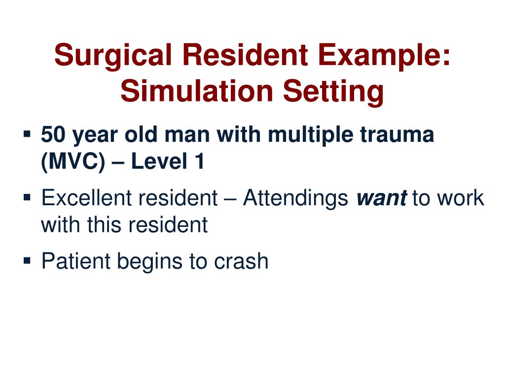 Surgical Resident Example: Simulation Setting • 50 year old man with multiple trauma (MVC) – Level 1 • Excellent resident – Attendingswantto work with this resident • Patient begins to crash
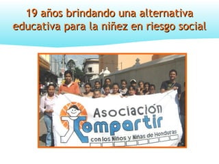 Compartir Honduras es una organización sin fines de lucro fundada en 1991 que brinda apoyo educativo y de prevención a aproximadamente 3,000 niños y niñas en riesgo social en 3 barrios de Tegucigalpa, Honduras. La organización ofrece programas de educación formal y no formal, participación comunitaria, integración social, y padrinazgo para mejorar las condiciones de vida de los niños y sus familias.
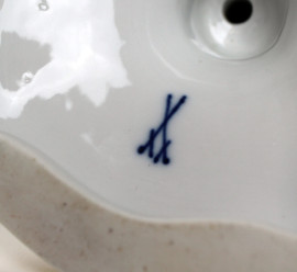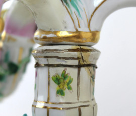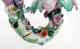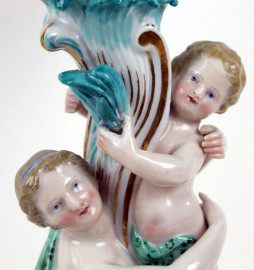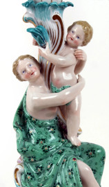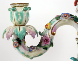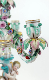 Candelabro in porcellana Meissen a smalti policromi, in due corpi, fusto con figura femminile e putto, cinque braccia con bobèches modellate a forma di corolla, fine XIX - inizio XX secolo, cm h 48, (difetti e restauri)

□ □ □ □ □

What is expected →
Aside from its pictures, the listing must be given again in full, exactly as it appears.

Answer for this exercise →
 Surgical Resident Example: Simulation Setting • 50 year old man with multiple trauma (MVC) – Level 1 • Excellent resident – Attendingswantto work with this resident • Patient begins to crash
 Compartir Honduras es una organización sin fines de lucro fundada en 1991 que brinda apoyo educativo y de prevención a aproximadamente 3,000 niños y niñas en riesgo social en 3 barrios de Tegucigalpa, Honduras. La organización ofrece programas de educación formal y no formal, participación comunitaria, integración social, y padrinazgo para mejorar las condiciones de vida de los niños y sus familias.
 Candelabro in porcellana Meissen a smalti policromi, in due corpi, fusto con figura femminile e putto, cinque braccia con bobèches modellate a forma di corolla, fine XIX - inizio XX secolo, cm h 48, (difetti e restauri)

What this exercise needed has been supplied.